Example of scatter plot of log-wage by age.

To better convey the practicalities of the methods proposed, we illustrate them by analyzing the variation of salaries in the Spanish Social Security (SS) database. In particular, we address such issues as whether the observed difference in wages can be explained by the following: the rigidity of labor market (temporary vs. permanent contract), discrimination (women vs. men), and age (old vs. young). Previous work involving the Spanish labor market has focused on fitting models to test aspects of labor economic theories (e.g., Dolado et al., 2002; Gehrke & Weber, 2018). In this article, we deviate from this testing approach in favor of descriptive methods that permit direct, visual assessments of the questions explored. The structure of the article is as follows. Section “SS data” describes the database. In section “The comparative boxplots: log-wage by age groups,” we discuss group variation in wages using the boxplots. Section “Scatterplot: The heat-map” discusses the use of heat-map scatterplots. In section “The heat-map scatterplot in regression diagnostics,” we apply the heat-map approach to a classical residual diagnostic plot, and to the comparison between OLS and Tobit regression. Finally, in the last section, conclusions are presented.

SS data

To illustrate the EDA methods, we use the Spanish SS data on labor, specifically, the “Muestra Continua de Vidas Laborales” (hereafter, MCVL) in 2010.¹ The data comes from the register of the SS System for people active in the labor market. Starting in 2004, SS records have been released for a 4% non-stratified random sample of the population who in that year have had any relationship with Spanish SS (individuals who are working, receiving unemployment benefits, or receiving a pension). Given the structure and magnitude of the MCVL, this is a useful data set with which to illustrate the EDA approach we advocate. The rest of this section is devoted to describing briefly the statistics and economic labor context of this database.

The data set gives information regarding historical relationships of individuals with the SS relating to work, unemployment benefits, and pensions, for around 1 million observations each year.

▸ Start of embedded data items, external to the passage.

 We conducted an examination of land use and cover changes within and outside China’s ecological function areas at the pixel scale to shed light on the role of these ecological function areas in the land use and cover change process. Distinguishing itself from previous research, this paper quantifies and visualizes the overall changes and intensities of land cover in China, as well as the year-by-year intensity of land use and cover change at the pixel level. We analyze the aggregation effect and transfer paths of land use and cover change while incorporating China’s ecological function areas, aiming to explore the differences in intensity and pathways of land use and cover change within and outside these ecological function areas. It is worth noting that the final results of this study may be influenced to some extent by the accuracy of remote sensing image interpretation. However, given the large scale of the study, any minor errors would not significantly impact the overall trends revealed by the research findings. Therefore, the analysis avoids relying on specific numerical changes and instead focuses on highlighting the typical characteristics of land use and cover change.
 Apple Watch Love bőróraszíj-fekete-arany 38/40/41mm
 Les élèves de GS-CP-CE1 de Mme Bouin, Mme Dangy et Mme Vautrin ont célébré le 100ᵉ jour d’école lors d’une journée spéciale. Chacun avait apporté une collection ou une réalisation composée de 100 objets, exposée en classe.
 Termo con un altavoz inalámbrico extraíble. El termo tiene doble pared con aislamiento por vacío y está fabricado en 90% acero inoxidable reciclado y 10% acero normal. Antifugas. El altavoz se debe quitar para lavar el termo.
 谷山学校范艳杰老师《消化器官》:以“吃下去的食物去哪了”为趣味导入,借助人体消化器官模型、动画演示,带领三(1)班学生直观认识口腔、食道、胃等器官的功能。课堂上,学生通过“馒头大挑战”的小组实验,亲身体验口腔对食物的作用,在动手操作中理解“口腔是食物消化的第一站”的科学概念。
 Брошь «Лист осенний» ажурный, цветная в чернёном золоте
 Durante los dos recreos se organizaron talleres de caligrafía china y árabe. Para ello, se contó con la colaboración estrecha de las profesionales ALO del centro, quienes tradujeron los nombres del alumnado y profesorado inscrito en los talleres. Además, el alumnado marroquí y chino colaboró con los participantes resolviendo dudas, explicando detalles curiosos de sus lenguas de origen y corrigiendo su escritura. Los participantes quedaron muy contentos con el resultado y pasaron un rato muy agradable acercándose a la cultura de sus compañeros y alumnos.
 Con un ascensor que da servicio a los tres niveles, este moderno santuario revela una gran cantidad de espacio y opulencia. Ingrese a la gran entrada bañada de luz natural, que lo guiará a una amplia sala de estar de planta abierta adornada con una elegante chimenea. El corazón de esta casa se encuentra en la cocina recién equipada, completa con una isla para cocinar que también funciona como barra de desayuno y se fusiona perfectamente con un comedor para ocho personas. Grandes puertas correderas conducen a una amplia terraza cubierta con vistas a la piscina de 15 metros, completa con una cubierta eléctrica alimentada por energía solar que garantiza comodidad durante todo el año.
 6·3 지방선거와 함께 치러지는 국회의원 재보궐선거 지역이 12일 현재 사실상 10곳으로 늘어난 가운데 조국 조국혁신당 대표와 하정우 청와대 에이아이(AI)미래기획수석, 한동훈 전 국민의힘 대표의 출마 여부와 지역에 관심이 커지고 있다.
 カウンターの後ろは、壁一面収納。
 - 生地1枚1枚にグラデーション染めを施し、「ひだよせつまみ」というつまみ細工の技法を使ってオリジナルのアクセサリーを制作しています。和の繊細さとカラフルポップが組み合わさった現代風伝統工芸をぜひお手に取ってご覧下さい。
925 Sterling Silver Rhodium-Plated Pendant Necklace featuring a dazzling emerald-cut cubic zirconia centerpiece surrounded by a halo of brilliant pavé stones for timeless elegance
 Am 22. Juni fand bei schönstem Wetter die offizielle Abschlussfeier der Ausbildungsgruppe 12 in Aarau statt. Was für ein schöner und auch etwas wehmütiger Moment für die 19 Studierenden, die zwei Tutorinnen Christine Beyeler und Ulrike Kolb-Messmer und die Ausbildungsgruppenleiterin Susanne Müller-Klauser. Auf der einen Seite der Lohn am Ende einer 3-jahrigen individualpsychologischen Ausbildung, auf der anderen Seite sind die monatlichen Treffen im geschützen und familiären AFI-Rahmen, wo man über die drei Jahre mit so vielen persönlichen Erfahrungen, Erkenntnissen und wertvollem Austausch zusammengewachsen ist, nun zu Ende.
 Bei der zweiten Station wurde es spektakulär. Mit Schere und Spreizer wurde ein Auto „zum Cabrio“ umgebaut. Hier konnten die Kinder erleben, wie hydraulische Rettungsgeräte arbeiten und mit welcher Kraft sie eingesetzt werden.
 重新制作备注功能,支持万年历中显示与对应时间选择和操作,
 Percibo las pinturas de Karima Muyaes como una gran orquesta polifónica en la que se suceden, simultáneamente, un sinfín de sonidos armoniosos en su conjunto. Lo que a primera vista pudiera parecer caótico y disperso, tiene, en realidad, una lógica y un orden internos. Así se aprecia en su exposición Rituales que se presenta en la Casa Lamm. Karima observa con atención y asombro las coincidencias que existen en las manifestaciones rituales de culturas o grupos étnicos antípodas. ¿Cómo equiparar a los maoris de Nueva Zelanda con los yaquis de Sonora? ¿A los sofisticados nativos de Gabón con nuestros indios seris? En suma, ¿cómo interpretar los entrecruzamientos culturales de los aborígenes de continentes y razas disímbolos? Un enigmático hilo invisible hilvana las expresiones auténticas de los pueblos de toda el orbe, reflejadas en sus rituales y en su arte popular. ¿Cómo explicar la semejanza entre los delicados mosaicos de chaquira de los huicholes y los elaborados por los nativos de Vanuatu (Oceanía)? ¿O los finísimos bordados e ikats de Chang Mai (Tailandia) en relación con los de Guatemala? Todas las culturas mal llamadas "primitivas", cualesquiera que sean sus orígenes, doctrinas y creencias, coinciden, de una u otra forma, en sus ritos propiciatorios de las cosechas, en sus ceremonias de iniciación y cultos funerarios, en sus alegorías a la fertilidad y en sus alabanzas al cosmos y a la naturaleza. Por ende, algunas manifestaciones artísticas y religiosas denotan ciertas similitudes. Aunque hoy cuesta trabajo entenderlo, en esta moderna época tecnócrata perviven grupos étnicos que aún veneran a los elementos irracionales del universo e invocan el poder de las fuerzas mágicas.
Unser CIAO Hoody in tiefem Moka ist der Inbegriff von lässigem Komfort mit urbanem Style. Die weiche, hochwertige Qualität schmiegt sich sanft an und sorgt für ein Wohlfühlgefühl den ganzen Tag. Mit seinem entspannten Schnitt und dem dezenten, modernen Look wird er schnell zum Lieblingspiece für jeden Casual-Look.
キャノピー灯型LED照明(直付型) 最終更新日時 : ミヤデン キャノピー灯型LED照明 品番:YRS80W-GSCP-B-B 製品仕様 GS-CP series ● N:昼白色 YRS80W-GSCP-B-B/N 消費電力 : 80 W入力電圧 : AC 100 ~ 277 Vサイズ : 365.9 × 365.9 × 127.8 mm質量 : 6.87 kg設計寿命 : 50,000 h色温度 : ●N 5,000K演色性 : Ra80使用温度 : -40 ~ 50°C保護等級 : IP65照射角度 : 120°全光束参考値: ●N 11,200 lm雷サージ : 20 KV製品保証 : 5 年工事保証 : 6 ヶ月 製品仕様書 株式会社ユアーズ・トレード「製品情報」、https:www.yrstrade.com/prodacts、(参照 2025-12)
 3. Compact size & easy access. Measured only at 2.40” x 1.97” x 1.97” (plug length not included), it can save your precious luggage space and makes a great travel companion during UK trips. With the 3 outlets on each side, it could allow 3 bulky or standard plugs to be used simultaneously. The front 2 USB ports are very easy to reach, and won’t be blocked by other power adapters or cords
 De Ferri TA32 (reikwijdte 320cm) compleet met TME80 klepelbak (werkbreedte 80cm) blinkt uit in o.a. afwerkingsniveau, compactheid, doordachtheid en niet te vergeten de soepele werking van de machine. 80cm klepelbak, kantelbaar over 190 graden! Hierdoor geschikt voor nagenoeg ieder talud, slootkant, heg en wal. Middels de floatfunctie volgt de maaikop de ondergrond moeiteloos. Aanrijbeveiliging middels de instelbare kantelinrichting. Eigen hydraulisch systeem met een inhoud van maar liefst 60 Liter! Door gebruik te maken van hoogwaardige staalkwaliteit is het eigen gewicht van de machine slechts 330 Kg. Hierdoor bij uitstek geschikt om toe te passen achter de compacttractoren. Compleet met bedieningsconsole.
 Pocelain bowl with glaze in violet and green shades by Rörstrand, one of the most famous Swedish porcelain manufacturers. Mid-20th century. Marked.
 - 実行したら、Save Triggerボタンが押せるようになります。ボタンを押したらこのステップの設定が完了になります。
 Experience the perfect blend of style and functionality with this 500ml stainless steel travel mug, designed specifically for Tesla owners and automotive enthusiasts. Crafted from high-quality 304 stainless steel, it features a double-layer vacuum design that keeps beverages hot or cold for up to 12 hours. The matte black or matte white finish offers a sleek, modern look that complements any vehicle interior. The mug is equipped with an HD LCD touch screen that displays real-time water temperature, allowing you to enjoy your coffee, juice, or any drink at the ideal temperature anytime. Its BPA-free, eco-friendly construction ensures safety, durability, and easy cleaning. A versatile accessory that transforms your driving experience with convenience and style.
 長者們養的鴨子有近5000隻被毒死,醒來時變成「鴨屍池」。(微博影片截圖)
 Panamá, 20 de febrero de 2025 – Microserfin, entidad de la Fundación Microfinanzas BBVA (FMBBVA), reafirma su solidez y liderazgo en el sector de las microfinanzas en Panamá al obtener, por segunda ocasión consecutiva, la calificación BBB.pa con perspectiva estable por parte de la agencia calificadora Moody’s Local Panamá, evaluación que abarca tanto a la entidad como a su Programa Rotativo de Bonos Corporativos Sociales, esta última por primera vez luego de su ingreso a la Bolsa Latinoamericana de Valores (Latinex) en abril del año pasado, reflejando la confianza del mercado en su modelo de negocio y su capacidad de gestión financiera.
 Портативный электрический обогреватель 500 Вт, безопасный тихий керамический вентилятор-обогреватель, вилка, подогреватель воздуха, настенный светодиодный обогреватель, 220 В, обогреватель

It also contains information regarding the type of contract, sector of activity, qualifications, earnings, date of entering or leaving the job market, part-time or full-time status, and firm size. The MCVL also provides individual characteristics such as age, gender, residence, country of birth, and level of education. Information on educational attainment has improved in recent editions of the MCVL. The main outcome variable of interest in our data set is the earnings of Spanish people. The MCVL only provides information on the “social contribution base” (censored earnings), which captures monthly labor earnings plus 1/12 of bonuses received over the year. The censored earnings variable has minimum and maximum values, which vary over time.² We exclude pensioners, the self-employed, individuals receiving unemployment benefits, individuals who report outlying earning values (outside the minimum and maximum values), and individuals with missing information in relevant variables (age, education, type of contract, occupation). This leaves a sample of 541,457 individuals. We calculate the daily wage as our main earnings measure, computed as the ratio between the monthly contribution base and the number of days worked in that particular month. If the individual records more than one job at the same time, we sum the earnings. Other years and variables of course could be considered, but these will be beyond the scope of this article, which is not focused on exploring the Spanish labor market.

We analyze the variation of wage with respect to variables: age, gender, type of contract (fixed [permanent] or temporary), education (primary, secondary, and tertiary), and occupation (high-, medium-, and low-skilled). These variables are traditionally considered in the literature of labor markets (Heckman et al., 2006). Those variables that are found to be significant in a regression analysis of wages are reported below. Note, however, that significance within such a large sample does not provide reliable evidence on the substantive relevance of these variables. As such, visual inspection of the variation of wage with respect to those variables is necessary. We extract information about qualified and non-qualified employees, splitting the sample by qualification (high-, middle-, and low-skill levels) according to the International Standard Classification of Education (ISCED) classification and following the classification proposed by Garcia-Perez (2008) for the MCVL data. We consider the type of contract held (fixed or temporary) and we construct five age groups defined by the following intervals: (15, 25], (25, 35], (35, 45], (45, 55], and (55, 65].³ Table 1 reports descriptive statistics of the wage by gender, occupation, education, type of contract, and age.

Table 1.

Descriptive Statistics of Daily Wage.

	M	Median	SD	N	%
Total	45.63	51.59	41.27	541,457	100
Gender
Male	56.07	50.23	30.39	294,132	54.32
Female	46.26	39.89	29.47	247,325	45.68
Age
(15,25]	35.31	30.52	29.07	64,011	11.82
(25,35]	49.89	44.90	27.99	167,927	31.01
(35,45]	55.20	49.29	29.85	156,692	28.94
(45,55]	57.68	51.47	30.81	106,941	19.75
(55,65]	54.06	48.81	31.81	45,886	8.47
Type of contract
Temporary	41.41	35.73	31.69	208,954	38.59
Fixed	57.99	52.06	27.65	332,503	61.41
Occupation
High skill	80.53	87.12	29.78	94,431	17.44
Medium skill	49.25	45.35	26.61	343,481	63.44
Low skill	32.94	30.16	23.10	103,545	19.12
Education
Primary	39.23	36.61	25.24	117,967	21.79
Secondary	51.26	45.91	29.13	347,429	64.17
Tertiary	72.26	74.46	32.19	76,061	14.05

Older people generally experience higher wages. Workers with a fixed contract and highly skilled jobs also have increased wages, as do workers who have reached higher education levels. This table shows a wage gap between male and female workers of around 17.50%. This observation of a gender gap in the Spanish labor market is well documented (see, for example, Amuedo-Dorantes & De la Rica, 2006).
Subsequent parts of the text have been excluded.